This is not the only example. At another mine there was a bonus on blasting gold ore, but the processing plant couldn’t process it fast enough. As a result, the company was paying over-the-odds merely to grow a mountain of rock.

What I brought to the cloud industry, and helped me to make a valued contribution, were such concepts of flow. In particular, I have learned how to balance flow through systems, and understand the relationship between supply and demand.

MG: In what capacity have you applied this learning in cloud and telecoms?

PC: In the ICT sector I have occupied a number of senior executive roles, including SVP Engineering & Operations at Interxion, and Global Crossing (now Level3) for EMEA. I have been responsible for a breadth of functions: engineering, operations, customer service, and IT. More recently I have consulted to IXcellerate in Russia on data centre design as CEO and founder of Skonzo Ltd.

My route to these senior positions was through being a project leader and advisor for the design, construction and operation of multiple digital supply chains and cloud infrastructures. I have been responsible for the operation of infrastructure all the way from global subsea networks, through 1000 site wide-area networks (WANs), to 100,000 seat hosted VoIP platforms.

This has exposed me to a wide range of problems at the design, build, and operate stages. These occur at every layer of the cloud stack, from pure colocation IaaS (like generators and cooling systems) to hosted software platforms.

MG: In your experience, how have other industries adopted flow-based principles?

PC: Primary industries, like oil and gas, have long known that flow is important, all the way through the system. In the secondary manufacturing sector we have also seen a transformation towards managing flow.

For instance, early in my career while doing precision manufacturing, I found that materials requisitioning software assumed an infinite capacity of machines to process it. This resulted in flow problems that demanded a different way of thinking. So we learned from the Toyota Production System (TPS) about flow and the importance of reducing work in progress (WIP).

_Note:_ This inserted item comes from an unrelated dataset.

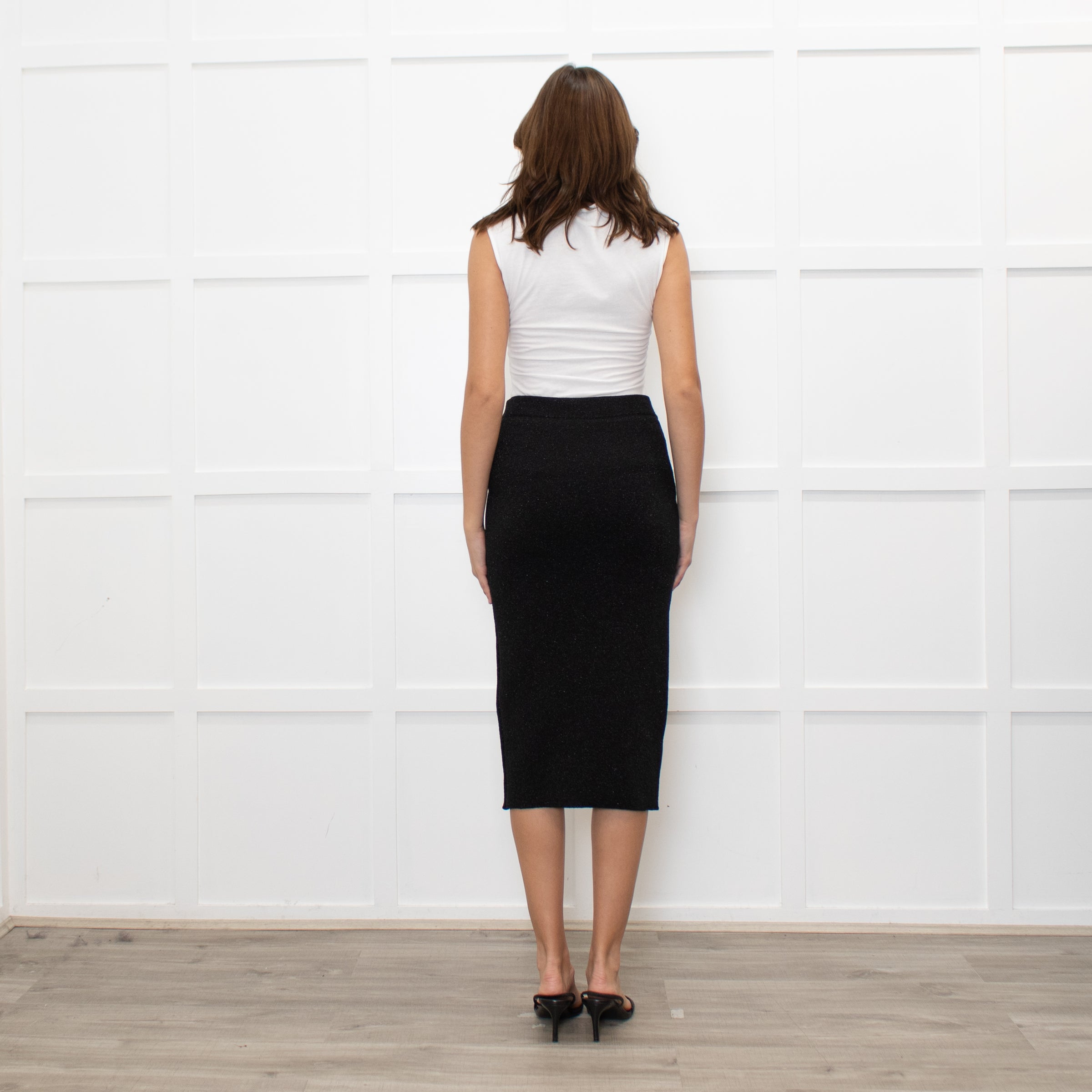 Essentiel Antwerp black metallic lurex knit skirt with an elasticated waistband and a full lining.

I also learnt valuable lessons from studying Kaizen (continuous improvement). One Kaizen expert told me a story of when he was in Japan and took a tour of a factory.

He saw one of the machines and remarked to his host: “I remember the old X51—they produce 50 widgets a minute. We have the new X500 and it does 100 a minute!”. The Japanese host quietly mentioned that their “obsolete” X51 had been continually improved and now produced 120 a minute. This underlined to me the importance of continuous improvement. You must never stop improving and continually reducing waste!

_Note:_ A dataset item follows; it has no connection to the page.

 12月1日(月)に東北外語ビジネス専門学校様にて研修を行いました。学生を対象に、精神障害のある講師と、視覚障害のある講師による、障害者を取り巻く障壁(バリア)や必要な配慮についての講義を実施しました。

Knowing what to improve is something that I learnt from the Theory of Constraints (TOC). Every system has a flow constraint, and improving that improves the entire system. Improving anything else is a waste of time and money.

Managing the entire system as a set of flows is the key to improving customer satisfaction, increasing throughput and reducing costs. Achieving all three at once is what makes managing flow (rather than capacity) so powerful. This is done by controlling the flows through scheduling and buffer management.

In these other industries product engineering was fairly mature, especially reliability engineering and how to make things safe. What was still developing was the application of these new flow management methods. They give a holistic understanding of systems and the flow through them, by understanding the relationship between supply and demand.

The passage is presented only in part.